Note that running locally also has drawbacks:
In this article we will look into:
At a high level Hunyuan3D follows a two stage pipeline that separates geometry generation from texture synthesis, similar to many modern 3D diffusion systems.
In the first stage a diffusion model generates the shape of the object. Depending on the configuration this is typically represented internally as a volumetric structure (for example an octree-based representation) or an implicit field, which is then converted into a polygon mesh. When using image input, the model infers missing viewpoints from a single or multiple images, effectively hallucinating the full 3D structure. Multi-view input significantly improves consistency and reduces artifacts, since the model has to rely less on learned priors.
In the second stage a separate model performs texture generation. The previously generated geometry is projected into multiple views and a diffusion model generates consistent surface textures, which are then baked back onto the mesh. This step is responsible for most of the visual quality and realism of the final asset.
The mentioned octree resolution parameter controls how finely the volumetric representation is discretized during geometry generation. Higher resolutions allow finer geometric detail but increase both memory consumption and computation time significantly. Similarly, the number of inference steps controls the quality of both geometry and texture synthesis, trading runtime for fidelity.
One important implication of this pipeline is that errors introduced in the geometry stage (for example wrong topology or missing structures) cannot be fully corrected during texturing. This is why multi-view inputs and careful parameter selection are often crucial for obtaining usable results.
Note that those models already run on pretty small consumer hardware. The minimal turbo models run with around 8-10 GB VRAM, single image inference already works with 12-16 GB VRAM and high end multi-view diffusion on 24GB or more. In addition you should have at least that much local RAM, in best case around 2x to 3x, for the high end multi-view models at least 32GB RAM would be good. The main limitation on most systems though is the VRAM, as it’s also the case for large language models
The Repository provides very good documentation on how to perform the setup. Keep in mind that with any project in the Python ecosystem it’s a good idea to install packages in your own virtual environment due to often used version pinning of dependencies, especially around diffusers and pytorch.
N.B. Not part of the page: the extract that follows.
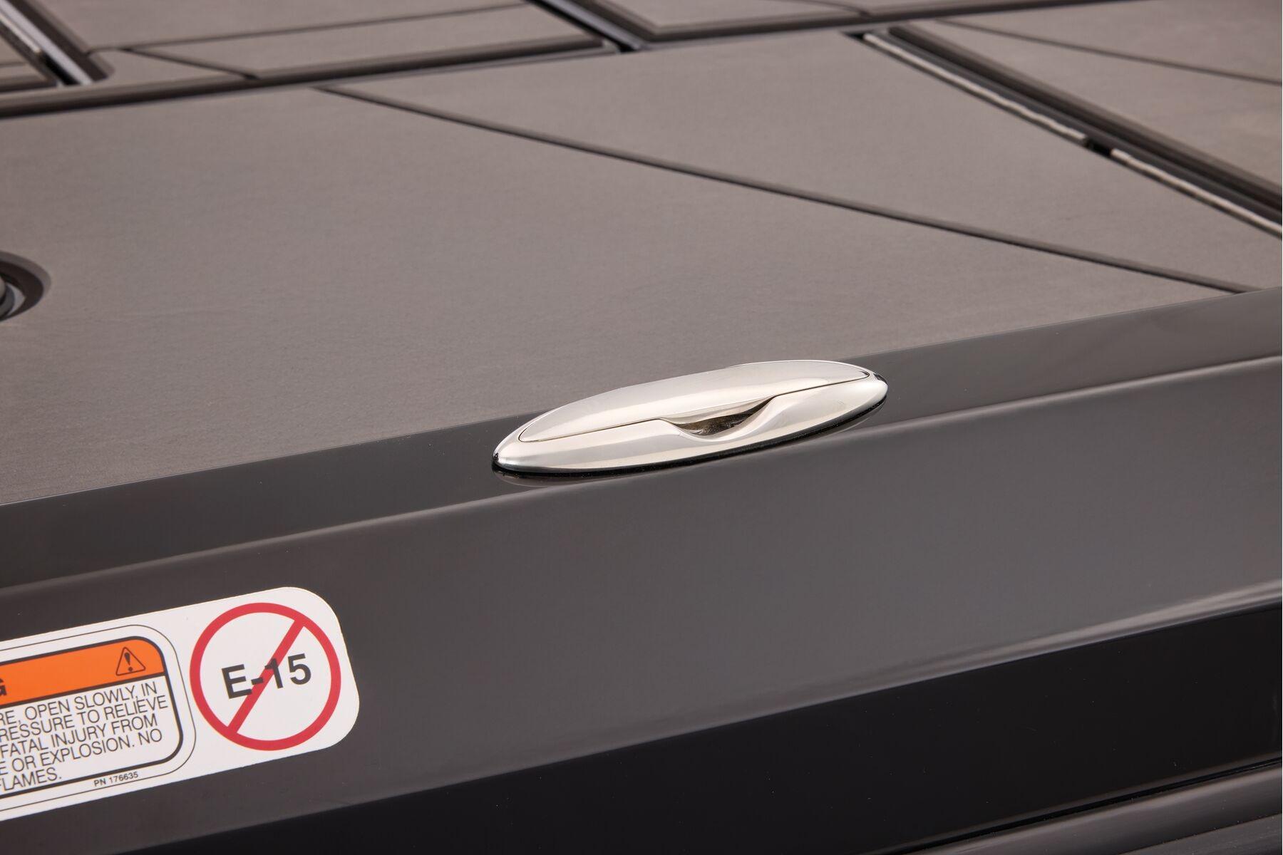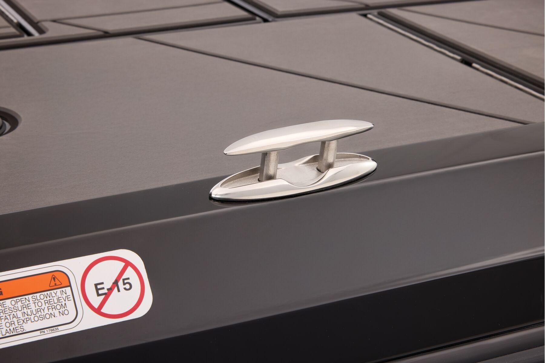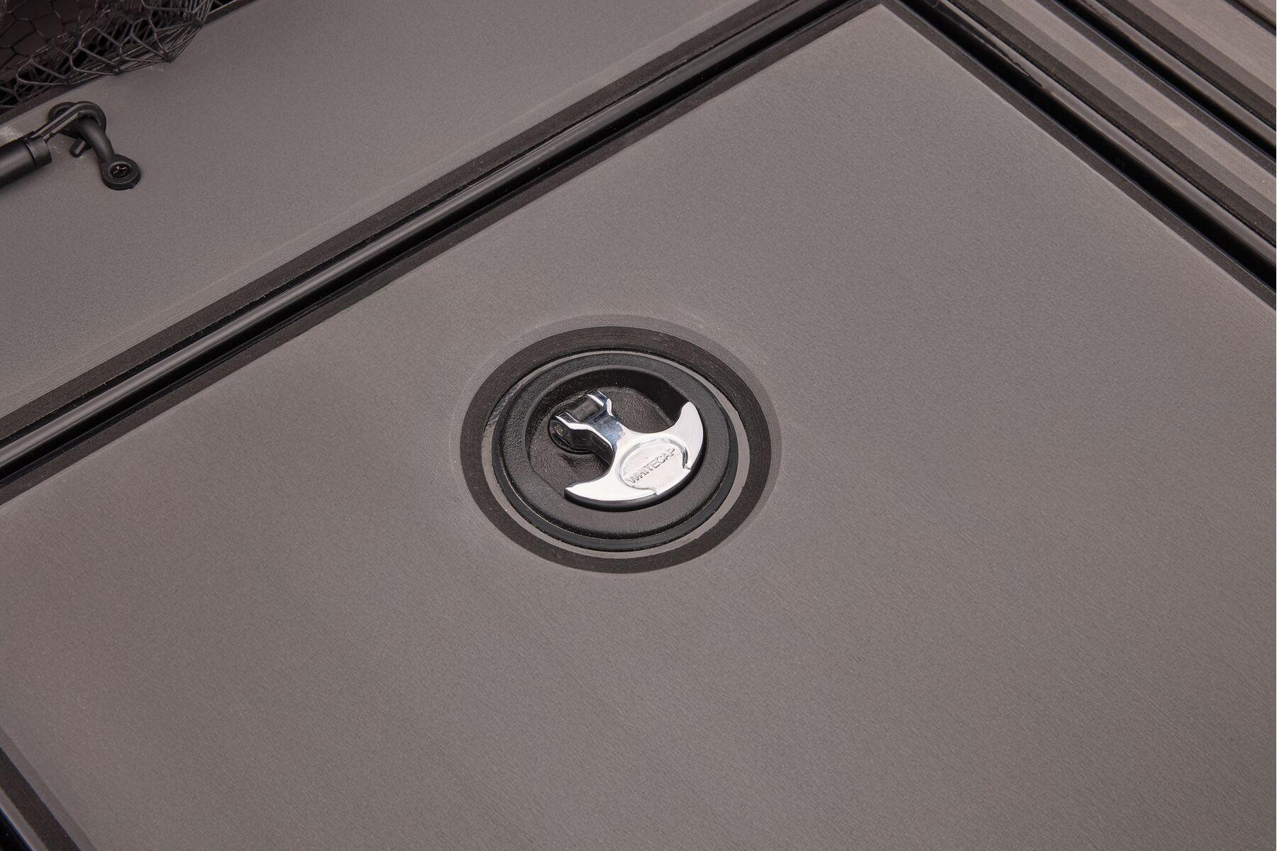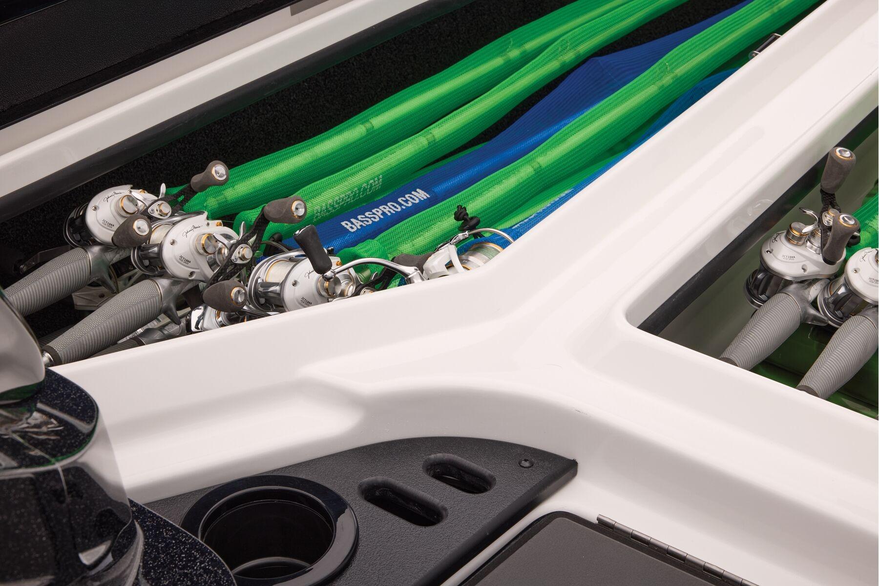 Oversized, lockable bow port & starboard rod lockers w/lift assists for rods up to 8' (2.44 m) & 23 tapered tubes in port locker

Also I assume you already built pytorch for your platform, which is often a major hurdle to get up and running due to it’s importability to other Unices. If you are lucky and operate on FreeBSD you can use the package py-pytorch (for example for Python 3.11 this would be py311-pytorch, etc.):
pkg install py311-pytorch
pkg install py311-torchvision
If this does not work you can try to install pytorch using the supplied port:
cd /usr/ports/misc/py-pytorch
make install
cd /usr/ports/misc/py-torchvision
make install
If you want to have GPU acceleration you have to make sure that your torch build supports the respective backend.
After this step you can follow the instructions by the repository:
git clone https://github.com/Tencent-Hunyuan/Hunyuan3D-2.1.git
cd Hunyuan3D-2.1
pip install -r requirements.txt
cd hy3dpaint/custom_rasterizer
pip install -e .
cd ../..
cd hy3dpaint/DifferentiableRenderer
bash compile_mesh_painter.sh
cd ../..
Note that two additional modules that are built. Those are plugins for torch that contain native code. When using CUDA you have to make sure that nvcc is available and your CUDA_HOME is correctly set. If those two builds fail - the program runs anyways but without GPU acceleration (which usually implies painfully - unusable - slow speeds. Think in multiple hours to days per asset). If you run CPU only they don’t matter
For pure testing one can now execute the gradio based frontend:
python3.11 gradio_app.py \
--model_path tencent/Hunyuan3D-2.1 \
--subfolder hunyuan3d-dit-v2-1 \
--texgen_model_path tencent/Hunyuan3D-2.1 \
--low_vram_mode
Building on Windows is a bit more tedious. Usually I do not use Windows personally due to many reasons, still I like to add this section. Luckily for users on this system there exists another repository by Yan Wenkun. He has packed up the whole project including all required dependencies, its own local Python interpreter and its own pip instance. It is simply extracted from a 2 part 7ip archive and then executed via its RUN.bat, providing a launcher to supply the model to use and some additional parameters. Note that - for compiling the modules of the custom_rasterizer and the DifferentiableRenderer the build system has to be able to locate the nvcc version from the CUDA toolkit that matches the expected version. One can set CUDA_HOME inside RUN.bat - for example via
SET CUDA_HOME=c:\program files\NViDIA GPU Computing Toolkit\CUDA\v12.6\
In addition when one wants to use triton, which is traditionally not available for windows, one has to manually install the triton-windows package using the bundled pip, not the system wide pip.
The following shows a simple example of converting the drawing of an onion (generated via GPT Image 1 by OpenAI) into a 3D model

This image has been passed into the hunyuan3d-dit-v2-0 shape generation model and then through the Hunyuan3D-2 texture generation system (60 inference steps, Octree resolution set to 512, targeting 20000 chunks - so all settings set to the lower end). The system I’ve used was based on CUDA 12.6 and hosts a few RTX 3060 cards - this model only is capable on running on a single one of them. After around 600 seconds (10 minutes) the model was ready to be exported - which I did in GLB (GLTF) format, which is accepted by many 3D editing tools including Blender.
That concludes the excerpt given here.